• _EXERCISE GOAL_:
Only the lines from the beginning of the listing below through the line with "4、打开营地工具页面,即可找" belong in the answer; please print them exactly and drop the pictures.
⟨
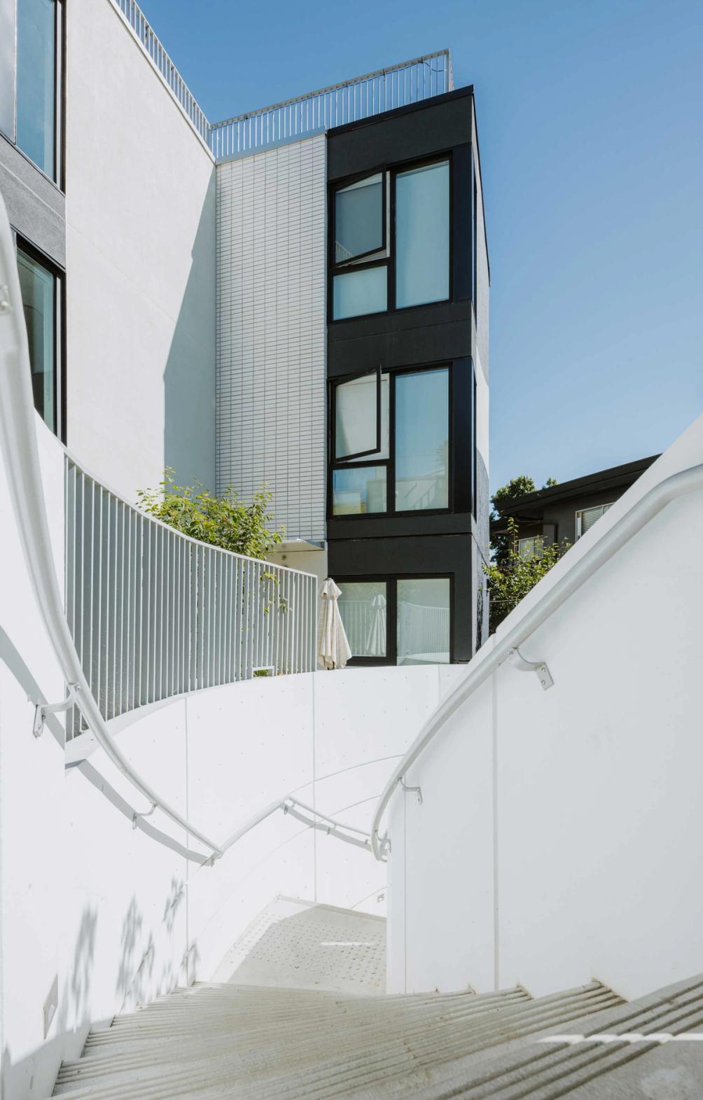 - Unique angled architecture enhances private outdoor spaces and enriches the green courtyard.
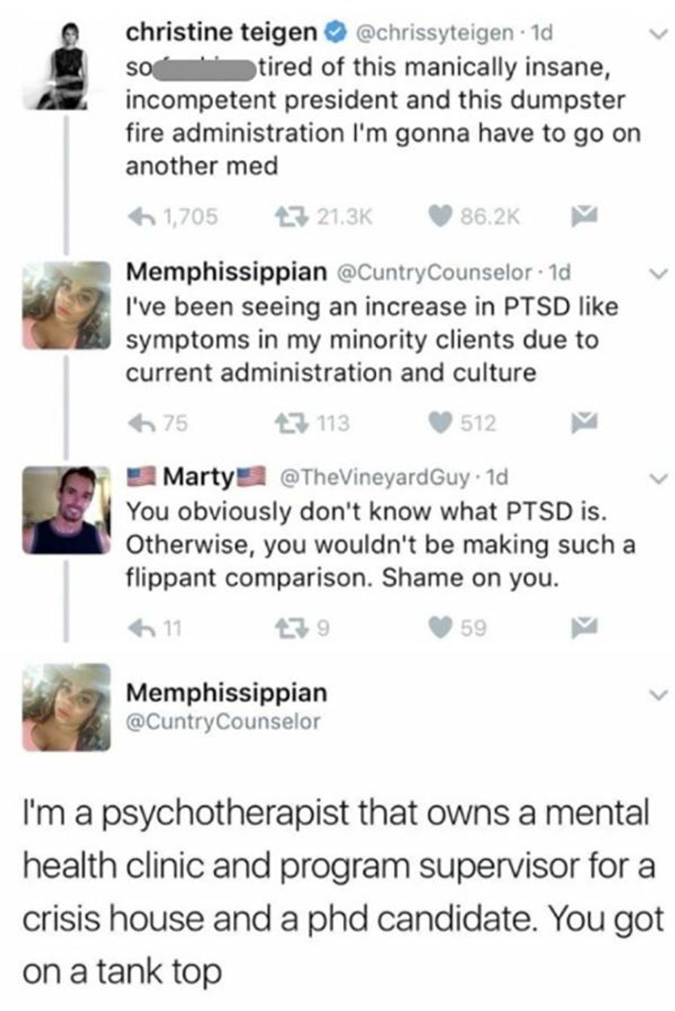 Teigen tweeted her frustration with the current administration, and in response, one of her followers with the handle Memphissippian chimed in, noting that she'd seen some of her patients display an increase in PTSD-like symptoms as a result of the Trump administration.
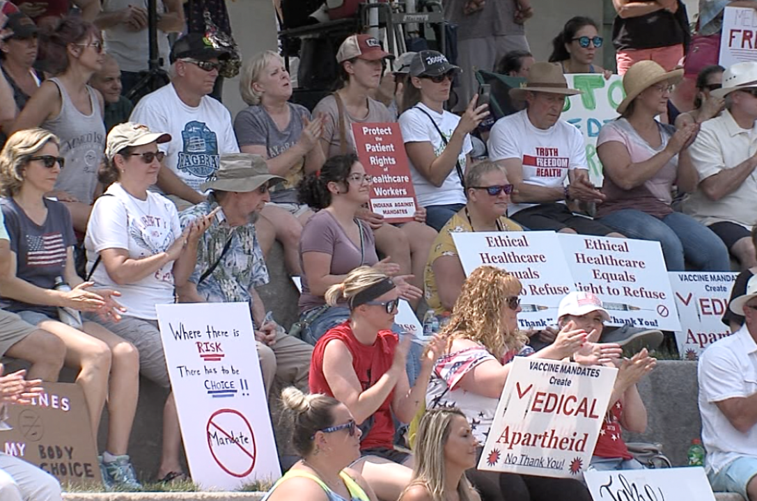 More than 200 people gathered to protest against IU Health COVID-19 vaccination mandate, report
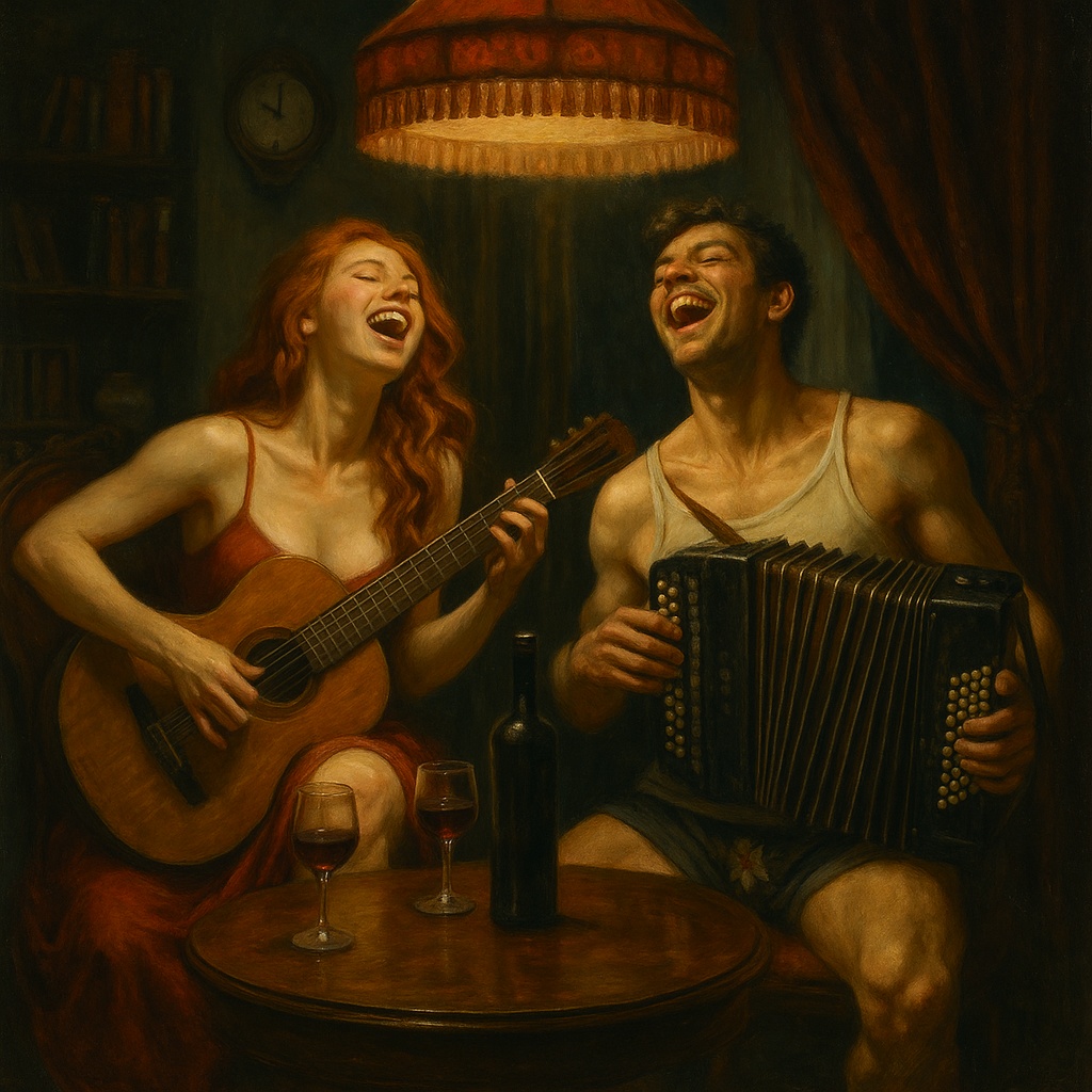 the song starts calmly, quietly, then the rhythm increases and in the end it becomes energetic, cheerful, danceable, minimal techno, klezmer, pirate folk, pirate song, bluegrass, violin, bonjo, accordion, male rough hoarse voice
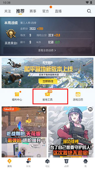 4、打开营地工具页面,即可找到游戏工具(即:对局工具,注意该工具需要当天登录营地,才能激活游戏内的工具功能)
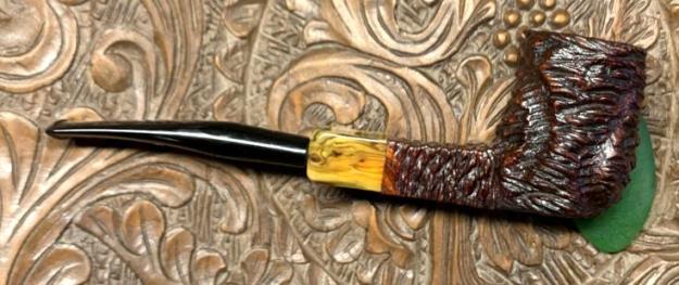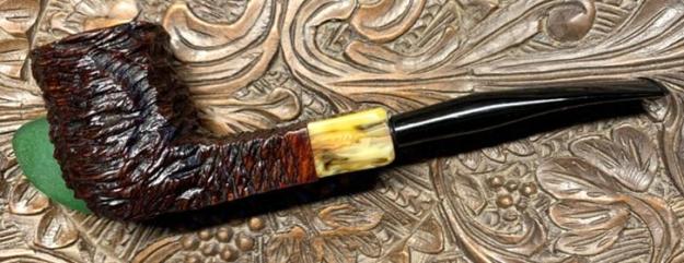 Craig commissioned a striking pipe. The cracked acrylic ferrule gets the attention quickly and overshadows other issues. The chamber needs to be cleaned of the cake buildup and the rusticated rim has blackened lava overflow that needs cleaning. The rusticated stummel is eye catching but needs cleaning in the deep crooks and crevasses of the briar surface. The fishtail stem has light oxidation and tooth chatter on the upper and lower bit.
⟩
• _EXERCISE OUTPUT_:
 - Unique angled architecture enhances private outdoor spaces and enriches the green courtyard.
 Teigen tweeted her frustration with the current administration, and in response, one of her followers with the handle Memphissippian chimed in, noting that she'd seen some of her patients display an increase in PTSD-like symptoms as a result of the Trump administration.
 More than 200 people gathered to protest against IU Health COVID-19 vaccination mandate, report
 the song starts calmly, quietly, then the rhythm increases and in the end it becomes energetic, cheerful, danceable, minimal techno, klezmer, pirate folk, pirate song, bluegrass, violin, bonjo, accordion, male rough hoarse voice
 4、打开营地工具页面,即可找到游戏工具(即:对局工具,注意该工具需要当天登录营地,才能激活游戏内的工具功能)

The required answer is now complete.